OME’s “Teleportation Chronicles” does just that; let’s us skip around the cosmos in under an hour, distilling all the percussive excitements of comets whizzing by (tracks 1, 5, &6) and all the empty lag one must feel internally whilst bypassing light-years in travel time (tracks 2 - 4) , just pairs down all the extra baggage and gets us immediately higher-than-high minded about sonic spatial relationships and outer-atmospheric ambiance. And theremins. Lots of rogue theramin going on here. But maybe it’s just radar interference?

Strap on the ol’ headphones and get your space-time travel on!

and/or

—Jacob An Kittenplan

DVANOV “Подполья” (Third Kind)


“Eight songs for the outskirts.” That’s how it goes for Dvanov, whose Cyrillic-displayed tape (look at it up there) and songs leave the rest a mystery for the English-only reader. I, being an English-only reader (OK, I know a smattering of German), am ass deep in the mysteries, and my personal embarrassment at “settling” on one language (American) is rightfully at the forefront of my inability to decipher even a teensy bit of this tape. In fact, I’m so colloquial in any response to any music I’ve ever written about that it would probably take a full-time translator to smooth it all into another language, and even then it would probably be bastardized to within an inch of its original meaning.

Which is just fine by me, I’m the first to admit I’m a blabbering idiot half the time.

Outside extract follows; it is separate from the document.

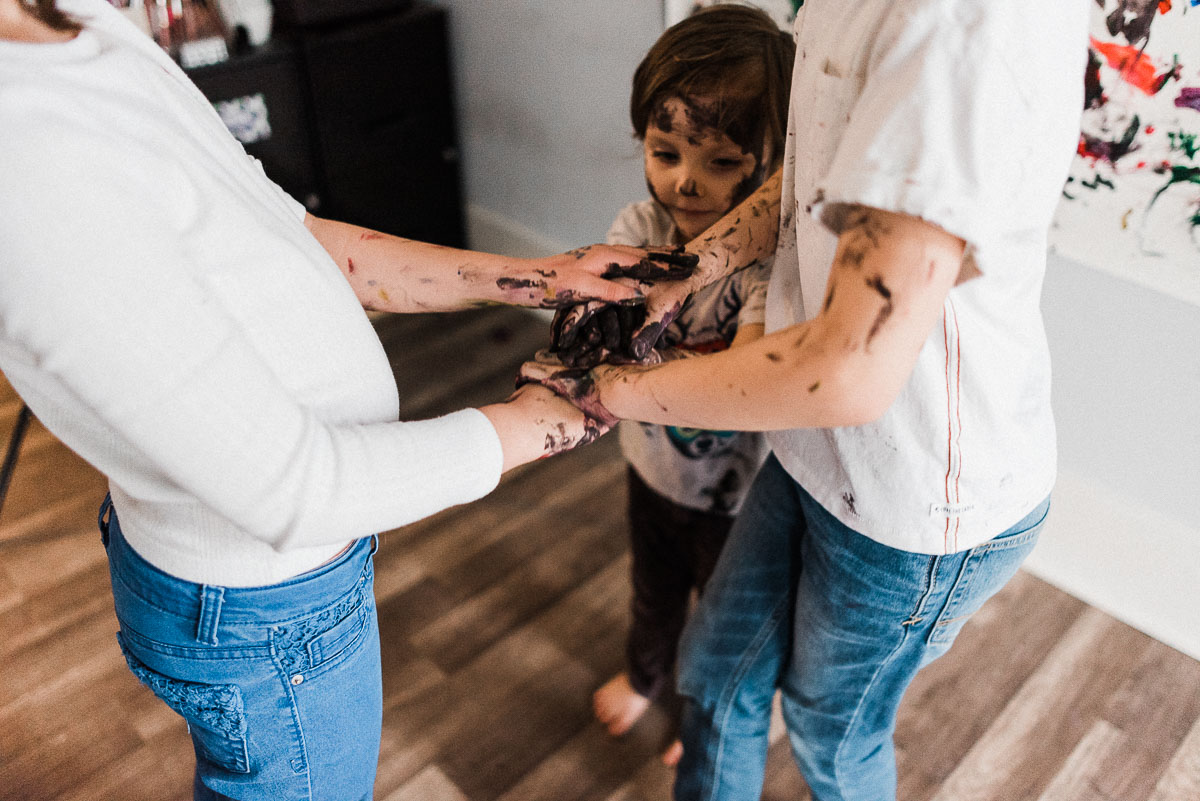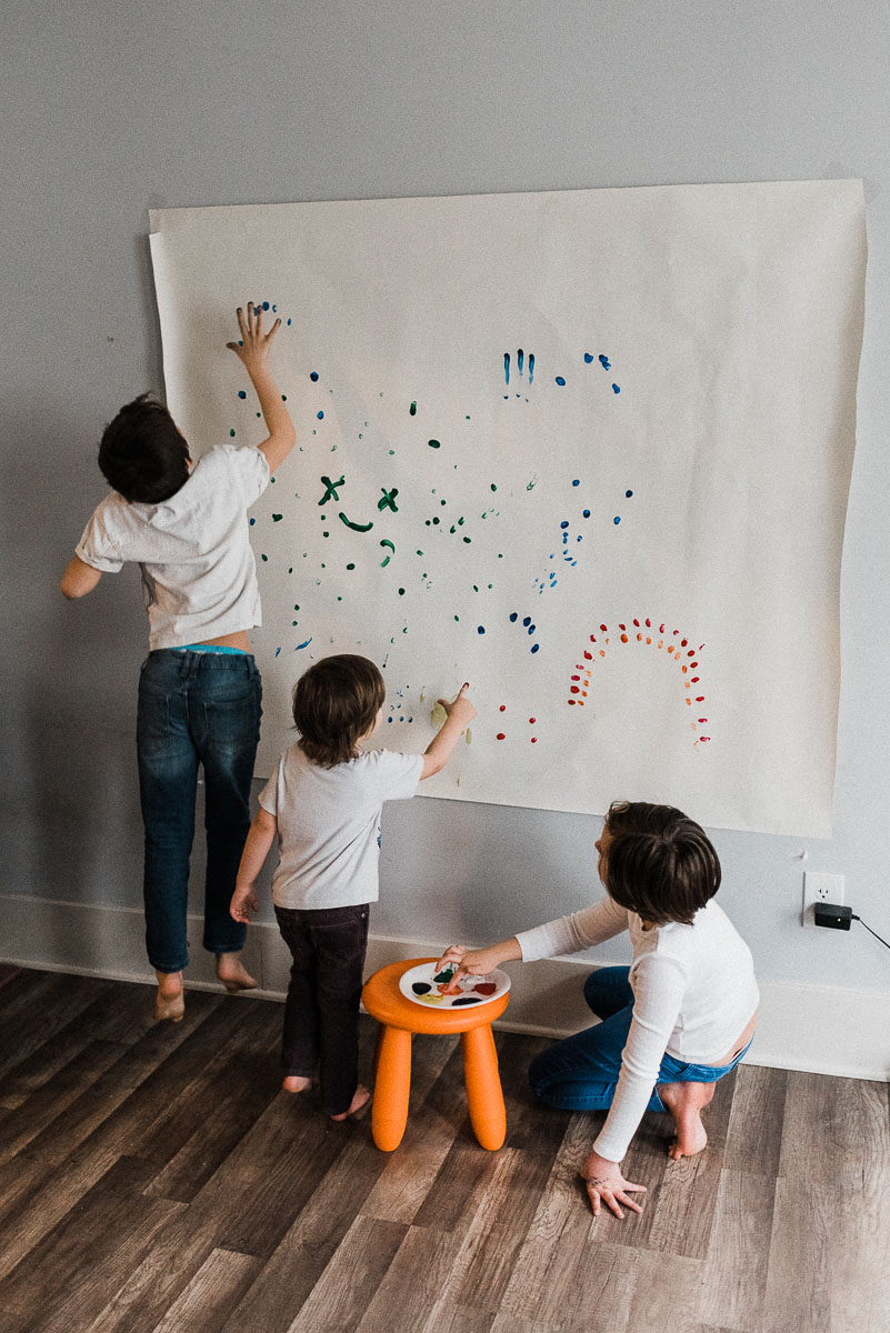 The past couple of weeks have been interesting, to say the least. The stay at home order is in full effect and we haven’t left the house in days. Being cooped up has ignited a level of energy in our children that could power a small country. Today we decided they needed a creative outlet to help them express everything they’ve been feeling. We shoved the kitchen table out of the way and kicked all of the legos aside. We got the paints down from the top of the fridge and popped them open. My husband told me I was crazy because the paint would end up everywhere. He was only partially correct. The blank canvas was then taped to the wall and ready to be decorated.

So this Dvanov, then! Like Eastern bloc Sonic Youth worship by way of the Make-Up (or other groovy Ian Svenonius project), the Saint Petersburg quartet aren’t doing it for any scene in particular, nor are they aping any other vibe. They’re their own thing, a band of scrappy misfits with a perfectly cast female lead singer, the interplay a regular cacophony of syrupy dissonance. Guitars collide with synthesizers, and the martial drumming sort of grounds everything in a krautrock vibe. It’s all decidedly and excellently Russian, and that’s not even just because the songs are all sung in Russian! Maybe imagine Deerhoof jamming with a state band from the 1950s, or Trupa Trupa hanging out in a goth club behind the Iron Curtain. Either way, Dvanov’s got it going on, making music for people who need it most: the ones on the outskirts of society, those knocked down or back by oppressive regimes. This is music to seethe to.



--Ryan

BURD
“Wild Boys " C32
(Self-Released)



UK-based minimalist synthwave jammer, Burd, consistently lays down line after infectious line of expressly moody (if not outright aggressively pleasant) groovy-gone-epic melodies, arpeggiations, and catchy counterpoints with scant a percussive tap or scratch to be heard. &while popping in a “Wild Boys” tape won’t likely start any dance parties, it’s all but certain to sync up plenty of nodding heads while the night carries on.


—Jacob An Kittenplan

BLAINE TODD
“Every Road is a Good Road" C50
(Full Spectrum/Debacle Records)



If the road to hell is paved with good intentions, “Every Road is a Good Road” holds weight. There’s plenty of paths/resemblances pointing to Sun City Girls noodle-work & irreverence, some trippy pedalwork and entrancing finger-picking a-la Espers, but also, it's looser, spacier, & jammier (again, SCGesque, but maybe more Animal Collective-like) in its use of synthesizers/sequencers.  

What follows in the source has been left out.